Electric mobility remains the most active category. Euler Motors, a manufacturer of electric light commercial vehicles and a 2021 APAC Cleantech 25 company, raised $47M in growth equity from Lightrock and Hero Motocorp, the latter being one of India’s largest two-wheeler manufacturers, now backing the electrification of commercial fleets. Euler Motors is transitioning from innovator to national champion, citing that it now holds a 22% market share for electric four-wheel cargo vehicles in India.
Alongside electric vehicles themselves, Indian innovation continues to support a growing electric mobility infrastructure ecosystem.
Transvolt brought in $15M in growth equity from Finnfund to support scaling of fleet to 3,500 heavy commercial vehicles and expand into e-buses, e-trucks.
Take note of more U.S. and European investors engaging Indian innovation; we expect more global investors to engage India to benefit from predictable electric mobility growth without the same political scrutiny that U.S. investments in China can bring. This is not limited to domestic markets in India or to electric mobility: we expect battery and heavy electrical equipment manufacturing in India to begin playing a bigger role in global export markets. Take, for example, Ayr Energy, backed by Energy Impact Partners, which recently announced $500M in contracts for projects totaling 20GW of capacity in the U.S.
State Capital Continues to Be a Ready Tool for APAC Innovation
One of the defining features of APAC cleantech investment in Q1 2026 is who is writing the checks.
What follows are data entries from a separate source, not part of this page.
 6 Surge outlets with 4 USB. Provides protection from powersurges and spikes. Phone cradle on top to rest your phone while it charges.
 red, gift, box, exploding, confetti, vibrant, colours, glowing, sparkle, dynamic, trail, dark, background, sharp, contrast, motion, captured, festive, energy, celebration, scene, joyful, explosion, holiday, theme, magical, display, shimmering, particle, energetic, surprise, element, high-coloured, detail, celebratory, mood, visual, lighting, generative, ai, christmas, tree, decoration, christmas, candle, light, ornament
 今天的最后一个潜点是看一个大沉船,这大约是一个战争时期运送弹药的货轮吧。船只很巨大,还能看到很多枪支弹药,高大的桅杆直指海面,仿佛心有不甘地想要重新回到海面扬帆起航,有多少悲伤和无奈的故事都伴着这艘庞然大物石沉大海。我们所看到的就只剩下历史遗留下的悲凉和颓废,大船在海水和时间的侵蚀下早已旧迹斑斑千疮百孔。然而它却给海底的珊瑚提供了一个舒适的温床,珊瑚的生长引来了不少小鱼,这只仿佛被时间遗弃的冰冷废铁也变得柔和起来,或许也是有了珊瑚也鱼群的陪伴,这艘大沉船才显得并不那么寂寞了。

Across the region’s largest deals, government-backed funds, state-owned banks, and sovereign investors showed up repeatedly.
Startorus Fusion (2025 APAC Cleantech 25 awardee), a Chinese developer of spherical tokamak fusion technologies, raised $143.3M in a Series A backed heavily by state-affiliated capital. The syndicates included CICC Capital, Shanghai STVC Group, Shanghai Future-Oriented Industries Fund, Shanghai Jiading Technology Investment Group, and BOC Asset Management, among others. This is not the case of a government writing a single anchor check alongside private VCs. It is a coordinated deployment of public capital into a strategic energy technology (fusion) that China appears determined to lead.
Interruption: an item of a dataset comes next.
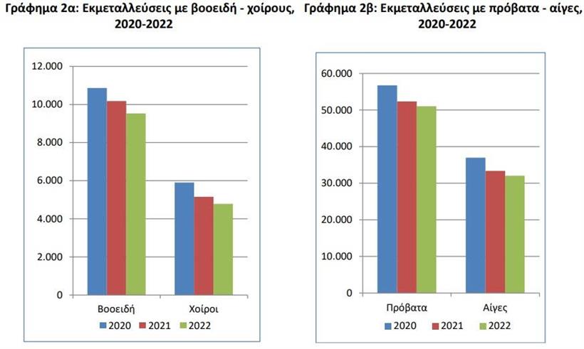 Συγκεκριμένα, ο αριθμός των εκμεταλλεύσεων που εκτρέφουν βοοειδή ανήλθε σε 9.533 εκμεταλλεύσεις το 2022, έναντι 10.180 εκμεταλλεύσεων το 2021 και 10.865 εκμεταλλεύσεων το 2020 (Πίνακας 1, Γράφημα 2α).

Windrose Technology, a Hong Kong-based manufacturer of electric long-haul trucks, closed a $100M growth equity round backed by China Mobile Chain Builder Fund, the Commercial Bank of China, China Construction Bank, and Agricultural Bank of China. Four state-owned financial institutions, all backing a single electric trucking company. The signal is hard to miss: China’s state apparatus views electrification of heavy transport as a strategic priority and is deploying capital accordingly.
Japan offered its own version of the trend. MiRESSO, a developer of beryllium materials critical to both nuclear fusion and fission applications, raised $26.6M in a Series A with a syndicate that reads like a who’s who of Japanese corporate and institutional capital: Spiral Capital, SBI Investment, ITOCHU Technology Ventures, NTT Docomo Ventures, Mitsubishi UFJ Capital, and Mitsui & Co. In Japan, it is common for government bodies to back investment funds and be minority shareholders in conglomerates. Beyond that, the concentration of major industrial conglomerates around a fusion materials company is notable, especially at a moment where Japanese innovators in fusion continue fast progression and milestone success. Make sure to catch MiRESSO speaking at the ‘Nuclear in the Future Energy Mix’ panel at Cleantech Forum Asia, coming up next month.
The broader point is this: while policy debates in North America and Europe have introduced uncertainty regarding subsidies, tax credits, and regulatory frameworks, governments in APAC are moving in the opposite direction. They are deploying capital directly, through sovereign funds, state banks, national reconstruction vehicles, and coordinated corporate-government syndicates. For cleantech innovators, that creates a fundamentally different investment environment, one where state conviction acts as both a funding source and a demand signal.